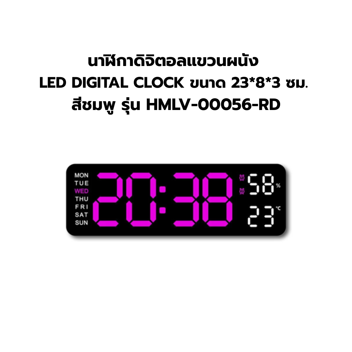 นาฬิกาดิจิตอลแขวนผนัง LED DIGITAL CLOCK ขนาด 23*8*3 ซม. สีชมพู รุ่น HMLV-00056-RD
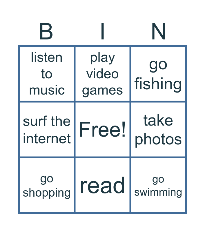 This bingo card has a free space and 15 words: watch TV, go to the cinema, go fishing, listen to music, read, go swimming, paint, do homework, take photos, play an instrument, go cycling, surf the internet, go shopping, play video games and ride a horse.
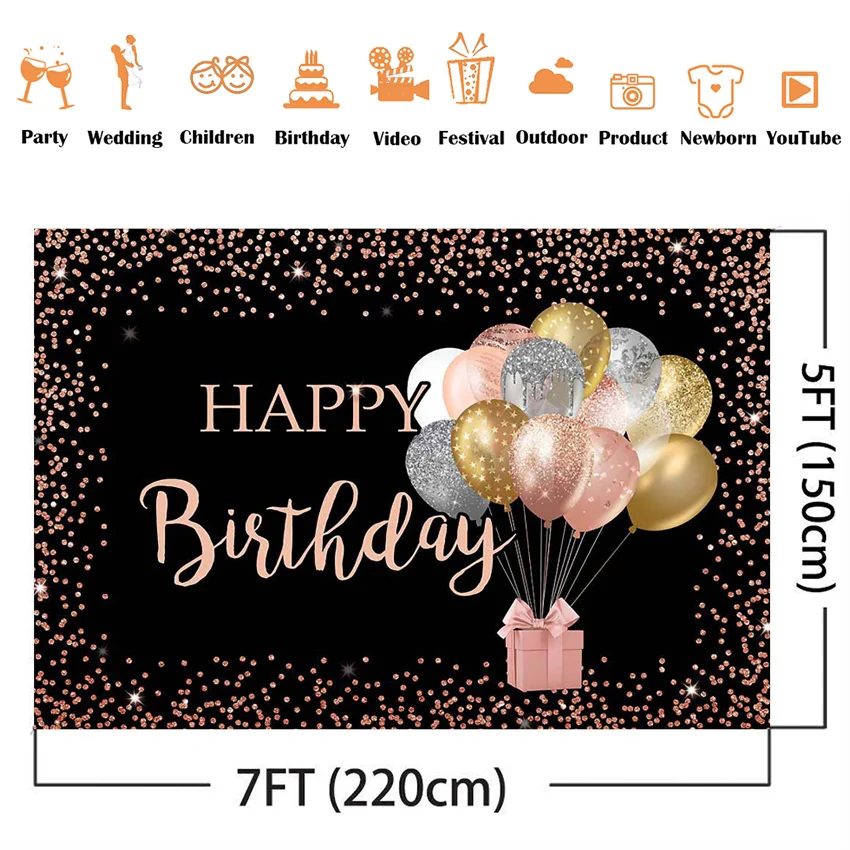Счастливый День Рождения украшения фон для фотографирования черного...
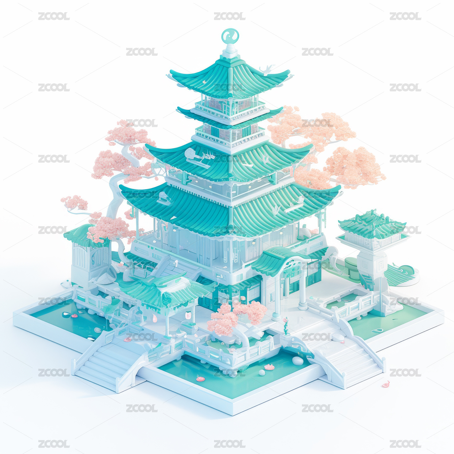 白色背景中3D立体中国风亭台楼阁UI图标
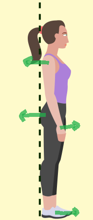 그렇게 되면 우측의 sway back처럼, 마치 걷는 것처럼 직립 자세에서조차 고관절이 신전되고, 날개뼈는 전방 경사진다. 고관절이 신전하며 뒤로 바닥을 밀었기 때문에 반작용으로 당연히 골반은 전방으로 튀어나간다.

Problem: Using the entries above, write out exactly the lines from the one with "This bingo card" through the one with "白色背景中3D立体中国风亭台楼阁UI图标", ends included. Leave out any pictures.

Result of the exercise:
 This bingo card has a free space and 15 words: watch TV, go to the cinema, go fishing, listen to music, read, go swimming, paint, do homework, take photos, play an instrument, go cycling, surf the internet, go shopping, play video games and ride a horse.
Счастливый День Рождения украшения фон для фотографирования черного...
 白色背景中3D立体中国风亭台楼阁UI图标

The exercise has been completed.